Looking at the early church in the book of Acts, we see a group of people, dedicated to certain things. Acts 2:42-47 describes the early church succinctly: “They devoted themselves to the apostles’ teaching and to the fellowship, to the breaking of bread and to prayer. Everyone was filled with awe, and many wonders and miraculous signs were done by the apostles. All the believers were together and had everything in common. Selling their possessions and goods, they gave to anyone as he had need. Every day they continued to meet together in the temple courts. They broke bread in their homes and ate together with glad and sincere hearts, praising God and enjoying the favor of all the people. And the Lord added to their number daily those who were being saved”.
They were concerned with what Christ was concerned with. They seemed to govern themselves as such: The apostles/disciples were the leaders of the church; they preached and taught the other believers. The rest of the early church pitched in where needed and as directed by the disciples. Soon the church grew very large and the disciples put in place deacons to serve the people, so they could continue preaching and teaching (Acts 6:1-17).
They not only were the teachers of the church, but they were also evangelists, telling the Gospel to all who would listen.
Soon the church was scattered and spread throughout different provinces and areas.
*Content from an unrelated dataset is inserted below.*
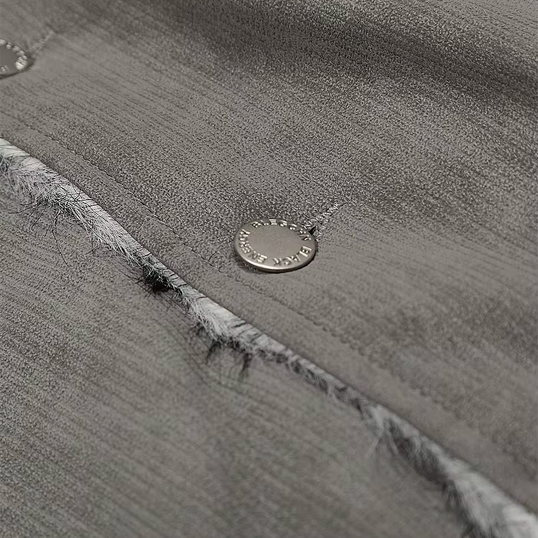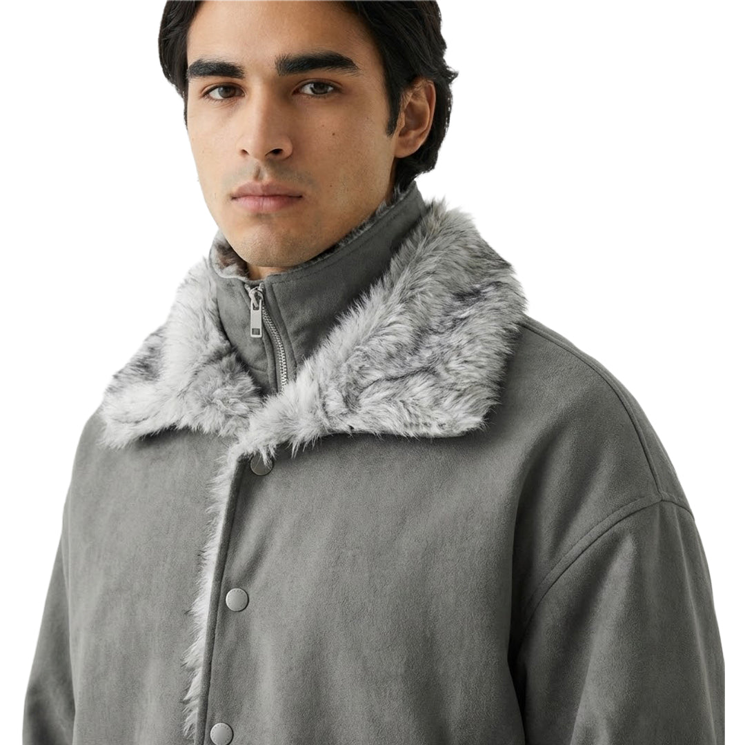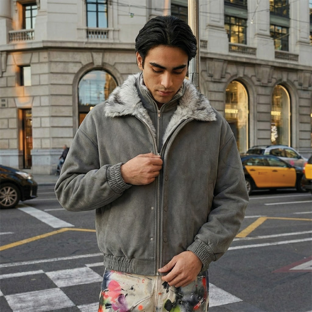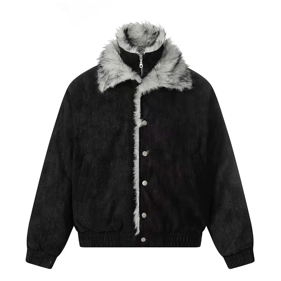 • Double-layer collar construction for enhanced wind protection and visual layering.

Paul, once converted began preaching the Gospel all around Rome and Greece as well as Israel. This is where church governance changed, because there was no longer a small group of local church members, but this God ordained “Church” was all over, spread across countries. Each pocket needed to develop order and leadership.
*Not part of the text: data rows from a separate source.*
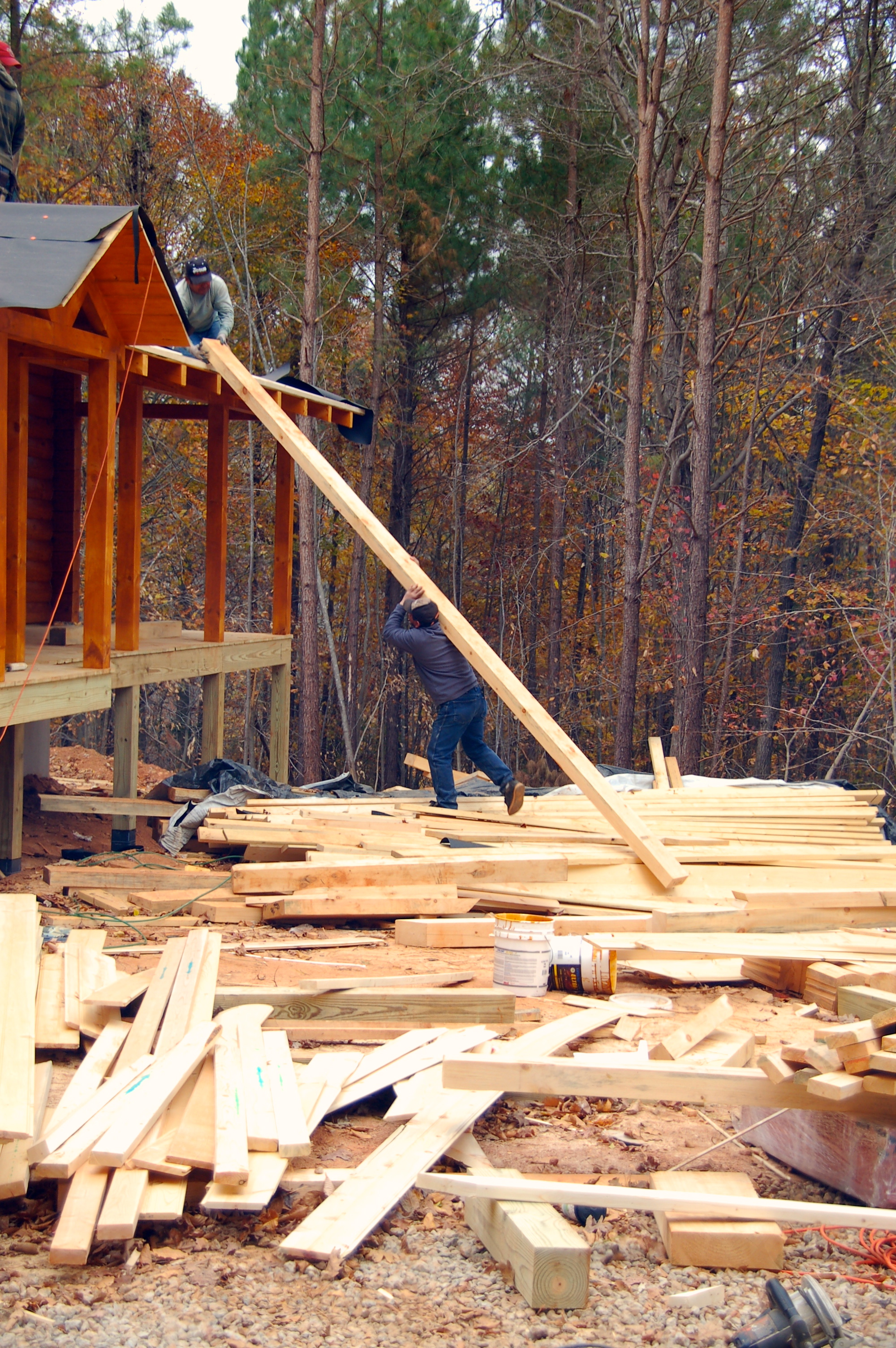 Mateo hoists another timber up to Miguel
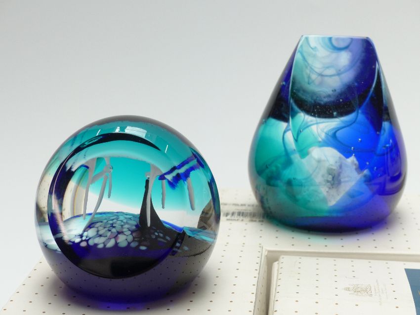 Seven Caithness glass paperweights including two Polar Ice Flow, Tablets From The Mount, Millennium Vision etc, all in original boxes.
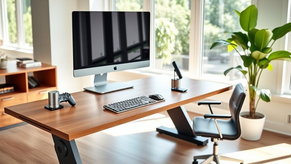 Choosing the right electric standing desk converter truly transforms your workspace and boosts your health. While it might seem like a simple upgrade, evidence suggests that alternating between sitting and standing can reduce discomfort and improve focus. But remember, no one-size-fits-all solution exists. It’s worth investing time to explore options that fit your needs—because a well-chosen converter isn’t just about convenience, it’s an investment in your well-being and productivity.

Throughout church history, there have been numerous governing outlines. Erickson in Biblical Doctrine calls the forms: Episcopal, Presbyterian, Congregational and Nongovernmental. He goes on to describe each one in turn, but all are soundly rooted from the Scriptures. Some of the best Scriptures on church leadership and authority are found in Paul’s letters to his young pastors: Timothy and Titus. Before we delve into the different forms and describe which one best fits the Christian and Missionary Alliance, I think it would be right to see what Paul laid down for his young pastors in way of church governance.
In all three letters (2 to Timothy and 1 to Titus), Paul describes them as the leader and shepherd of the particular churches they are in. In today’s governance terms, Paul was calling these men the Senior Pastors of the church. He then instructed these men on how to choose among the congregation leaders who could help them lead their church. He lays down specific attributes these men must have in order to fill this type of church office. Paul however, never in these two books gives a description of what they would be doing within this area of leadership (the “what they do” is found within the books of Acts, which we will explore in a different post).
They are called by Paul overseers (also known as Bishops) and deacons; we’ve seen some roles filled out by the early church in Acts with those who would be considered overseers or deacons.
One role, which was laid down BY the Elders was the distribution of food to the widows, in which the Apostles elected members to handle this important work. Again, even the election of these men was a mystery. How were these men chosen or by whom? We know they had to have these qualities, so one would assume they were recommended from within the body. We in the American church have taken to this in a democratic fashion and have elections of officials; all who have been proven to have the qualities laid down in 1 Timothy and Titus.